Kanta highlighted methods and actions that would have a high impact:

  • Data: One of the most important things governments and relevant civil society organisations can do, is to address the issue of severe gaps in sex, age, and disability disaggregated data collection, analysis, and use, for disaster preparedness, disaster response, and recovery. This disaggregated data gap remains the core barrier to an inclusive DRR ecosystem.
  • Participation: This lack of data combined with social norms (prevalent across the affected communities but also within government agencies and organisations working in this space), results in significant exclusion of women from planning and decision-making around crises and natural disasters. It is crucial to involve women throughout the planning and response cycle, including engaging with women at the grassroots to get their perspectives on how to develop more gender and socially inclusive plans.
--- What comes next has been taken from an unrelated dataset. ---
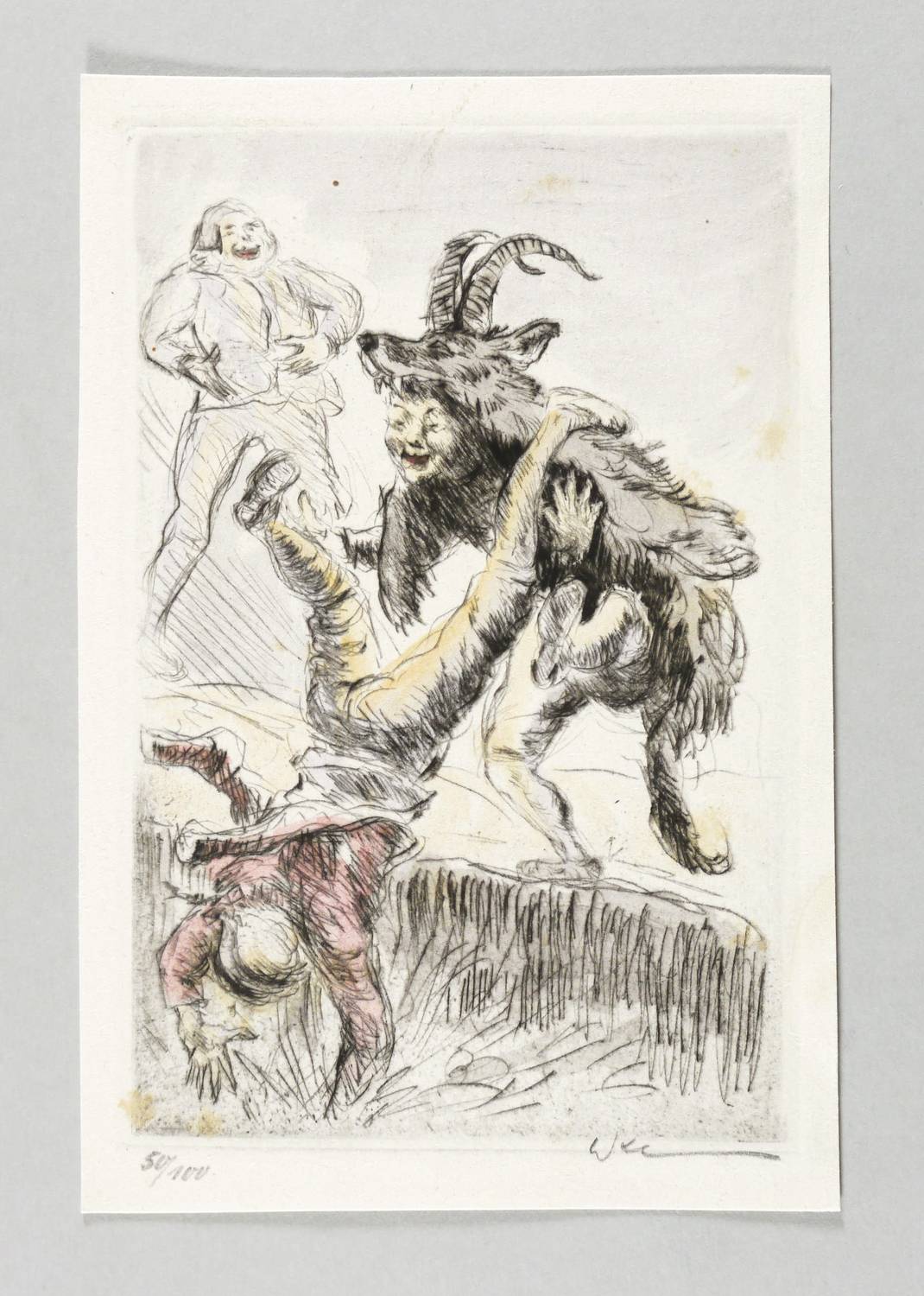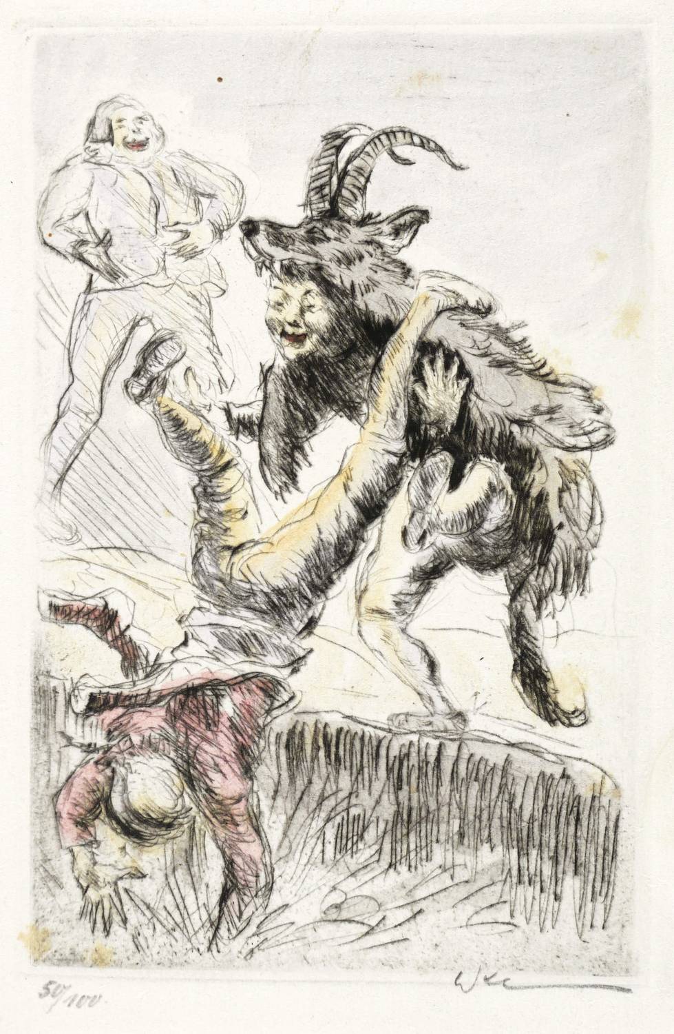1922. Radierung / Kaltnadel, in Schwarz, aquarelliert, auf Büttenpapier. – Originale Künstlergrafik, von Walther Klemm. – Auflage Exemplar Nr. 50/100. – 14,9 x 9,7 cm (Darstellung / Platte), 17 x 11 cm (Blatt).

  • Local capacity: Since local-level actors are first responders in the event of a natural hazard or a crisis of any other kind, it is of urgent importance that adequate measures be taken to build and strengthen disaster/crisis management reduction capacity at the local level, including peacebuilding and mediation processes in contexts of security and conflict. From the viewpoint of gender inclusion, this is important because local spaces are the primary point of access for women and other marginalised groups, and because women, those with disabilities, and those from marginalised groups tend to be far less represented and heard at higher levels of authority and decision-making.

Here, it is also important to include women-led organisations and women’s collectives, since they may already have well-established mechanisms of coordination across their networks, and can quickly facilitate the inclusion of women and other vulnerable groups who can be overlooked by government officials or official procedures.